从数个余数中还原一个数字

从数个余数中还原一个数字

本文介绍了从数个余数中还原一个数字(中文余数定理)的处理方法,对大家解决问题具有一定的参考价值,需要的朋友们下面随着小编来一起学习吧!

问题描述

我有一个长整数,但不是以十进制形式存储,而是以余数形式存储.

I have a long integer number, but it is stored not in decimal form, but as set of remainders.

所以,我没有N号,但有一组这样的余数:

So, I have not the N number, but set of such remainders:

r_1 = N % 2147483743
r_2 = N % 2147483713
r_3 = N % 2147483693
r_4 = N % 2147483659
r_5 = N % 2147483647
r_6 = N % 2147483629

我知道,N小于这些质数的乘积,因此,中国余数定理确实在这里起作用( http ://en.wikipedia.org/wiki/Chinese_remainder_theorem ).

I know, that N is less than multiplication of these primes, so chinese remainder theorem does work here ( http://en.wikipedia.org/wiki/Chinese_remainder_theorem ).

如果我有6个余数,如何用小数点恢复N?妙用的是任何程序都可以做到这一点(C/C + GMP/C ++/perl/java/bc ).

How can I restore N in decimal, if I have this 6 remainders? The wonderful will be any program to do this (C/C+GMP/C++/perl/java/bc).

例如,最小N可以拥有这组余数:

For example, what minimal N can have this set of remainders:

r_1 = 1246736738 (% 2147483743)
r_2 = 748761 (% 2147483713)
r_3 = 1829651881 (% 2147483693)
r_4 = 2008266397 (% 2147483659)
r_5 = 748030137 (% 2147483647)
r_6 = 1460049539 (% 2147483629)

推荐答案

这里是基于Ben Lynn的LGPL代码的代码(C + GMP) blynn @ github; Garner算法的stanford (可通过查询garner mpz_t在RIP Google代码搜索中找到): https://github.com/blynn/pbc/blob/master/guru /indexcalculus.c (他的PBC(基于配对的加密)库的一部分)

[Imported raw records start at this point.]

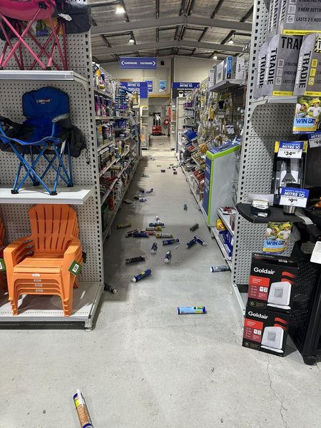 Muswellbrook, NSW – The recent 5.0 magnitude earthquake that rattled the Hunter Valley has left a visible mark on Muswellbrook, where one business Mitre Ten have shared striking images of the damage. The tremor, which struck near Denman at 12:01 PM on August 23, 2024, has caused significant disturbances in the area, with photos emerging showing shelves and stock thrown to the ground.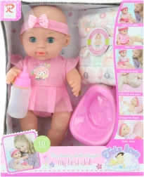 Denne interaktive babydukke glæder alle børn, der elsker rolleleg som forældre. Når batterierne er aktiveret, afgiver dukken lydeffekter, og takket være tissefunktionen bliver legen endnu mere realistisk. Sættet indeholder alt, hvad der er nødvendigt til plejen – fra fodring til bleskift.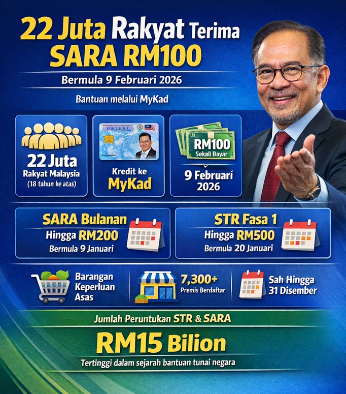 KUALA LUMPUR — Seramai 22 juta rakyat Malaysia berusia 18 tahun ke atas akan menerima bantuan Sumbangan Asas Rahmah (SARA) berjumlah RM100 yang akan disalurkan menerusi MyKad masing-masing bermula 9 Februari ini.
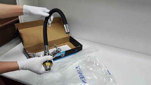 Стильный смеситель для кухни LEMEN с гибким изливом.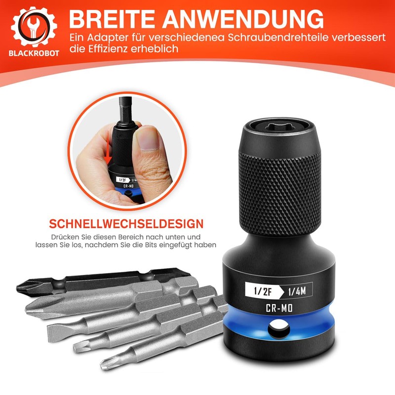 - 1/2 inch to 1/4 inch impact bit adapter: 1 piece impact bit holder: 1/2 inch square drive to 1/4 inch hex bit. It is mainly used to convert tool drivers and can help reduce the need for expensive tools.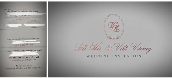 Có thể thấy, thiệp cưới của cả hai được thiết kế đơn giản, tinh tế, có logo chữa H&V lồng vào nhau, tượng trưng cho sự gắn kết của cả hai. Đỗ Thị Hà và Viết Vương sẽ tổ chức lễ nạp tại tại cư gia nhà gái. Sau đó, hôn lễ của cả hai sẽ tại khu đô thị Nam Cầu Dài (TP. Đồng Hới, Quảng Trị – quê nhà chú rể Viết Vương. Theo nguồn tin của chúng tôi, hôn lễ hào môn này sẽ diễn ra trong tháng 10/2025.
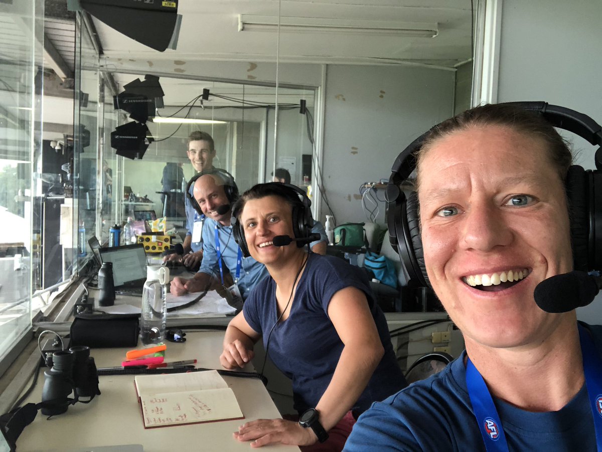 ABCâs commentary team for Carlton v Collingwood: Alister Nicholson, Joel Peterson, Chyloe Kurdas, Meg Hutchins and Jess Webster.
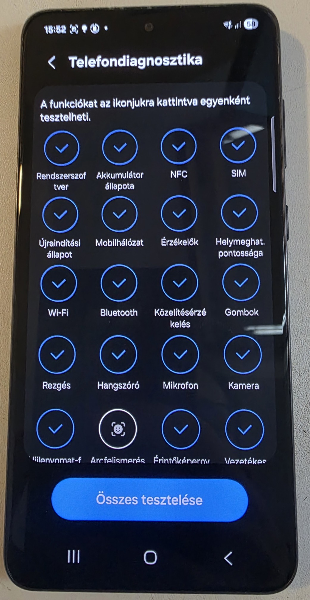 Minden funkció (kamera, hangszórók, mikrofon, hálózatok) hibátlanul teszi a dolgát. Lefuttattam a gyári hardveres diagnosztikai tesztet, a képek közé feltöltöttem az eredményt.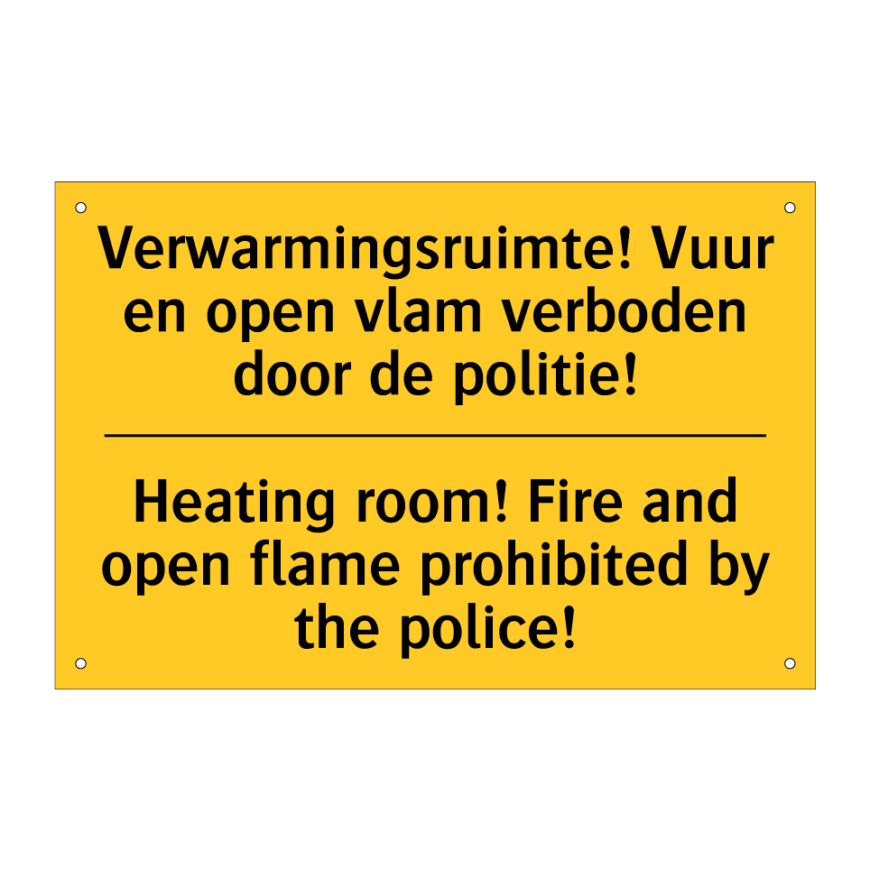 Waarschuwingsbord met de tekst Verwarmingsruimte! Vuur en open vlam verboden door de politie! / Heating room! Fire and open flame prohibited by the police!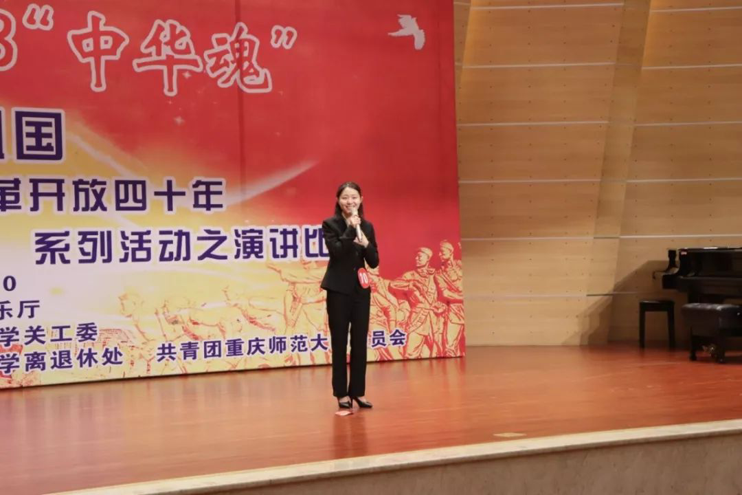 通过各个学院的层层选拔,此次比赛共有十六位来自不同学院的同学进入决赛,依次为大家带来了精彩的演讲。其中,4号选手邬雨璇通过反问的方式回思了改革开放以来中国一路走来的艰辛,而即使艰辛,也有“梦与变”! 8号选手吴昊一身正装,以“中庸不庸”为主题,侃侃而谈,尽显重师学子的风采!15号选手王茜提出,“《创造101》的主题为‘逆风翻盘,向阳而生’,而改革开放就是新中国的逆风翻盘!”而来自文学院的10号选手黄欢欢以小见大,通过对自身求学经历的讲述,以教师素质提高、重视学生德智体美劳全面发展等论据,由点及面的反映了自改革开放以来我国教育的进步与发展,凭借熟练的演讲技巧以93.9分的高分摘得桂冠并将代表学校参加市级“中华魂”演讲比赛。
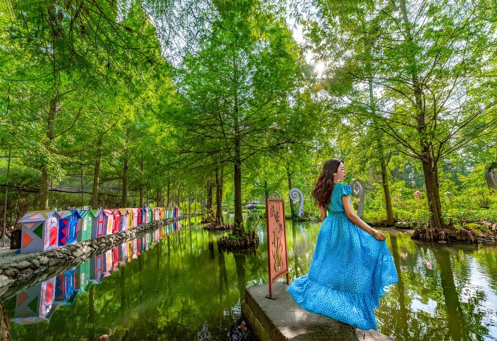 銀河水道種植多種花卉,周遭多棵落羽松所包圍,形成了虛無飄渺的美景有如人間仙境,讓踏入這裡的旅客們沉醉在花香的祕境裡。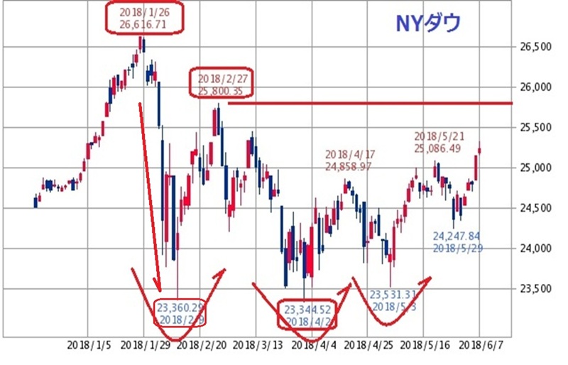長期金利が上昇し、米ドルが下落し、NYダウが下落したのである。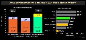 A closer look at the outstanding shares of both companies reveals that both PHL and AGL’s top 10 shareholders account for more than 75% of total ownership (AGL: 86.5%, PHL: 79.8%). Following the 100% acquisition of PHL, Agostini’s issued share capital would increase from 69.1M to 82.1M shares, reflecting the issuance of new shares to PHL shareholders. AGL’s top 10 shareholders post-transaction would increase from 59.8M shares to 68.9M shares, with top 10 ownership now accounting for 83.8% of total issued shares. Meanwhile, shares held by other (public and institutional) shareholders will increase from 9.3M to 13.3M, improving AGL’s relative public float and potentially enhancing trading activity over time.
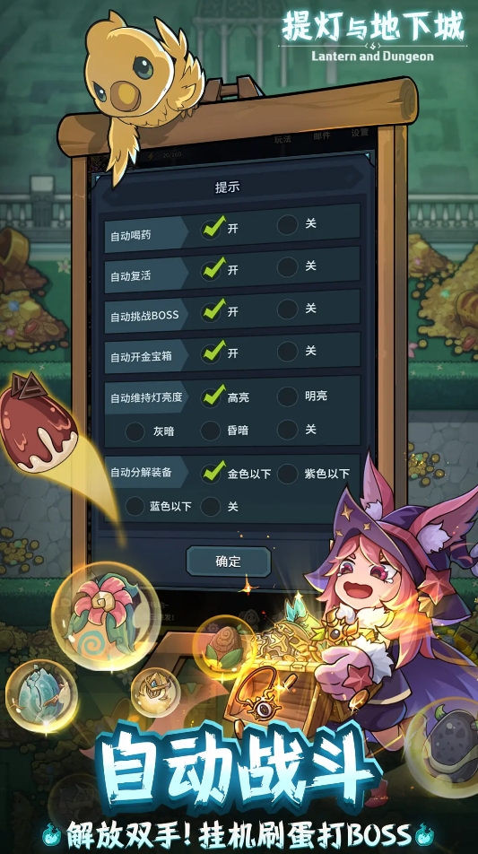 提灯与地下城是一款融合地牢探险和装备养成元素的刷宝类游戏。在这个游戏中,玩家将深入层层递进的地下城,面对不断刷新的怪物群,通过击败敌人获取稀有掉落,逐步强化自身实力。游戏采用自动战斗机制,无需手动操作技能释放,只需提前配置好技能组合,系统便会自动完成战斗流程。这种简化操作的方式降低了上手门槛,同时保留了刷装备、闯关卡的核心乐趣,适合喜欢轻松刷宝的玩家。

Here the code (C+GMP), based on this LGPL code by Ben Lynn blynn@github; stanford of Garner algorithm (found with RIP Google Code Search by query garner mpz_t):https://github.com/blynn/pbc/blob/master/guru/indexcalculus.c(Part of his The PBC (Pairing-Based Crypto) library)

gcc -std=c99 -lgmp编译.另外,请根据您的情况更改大小.

Compile with gcc -std=c99 -lgmp. Also change size for your case.

#include <gmp.h>
#include <stdlib.h>
#include <stdio.h>
#include <malloc.h>

// Garner's Algorithm.
// See Algorithm 14.71, Handbook of Cryptography.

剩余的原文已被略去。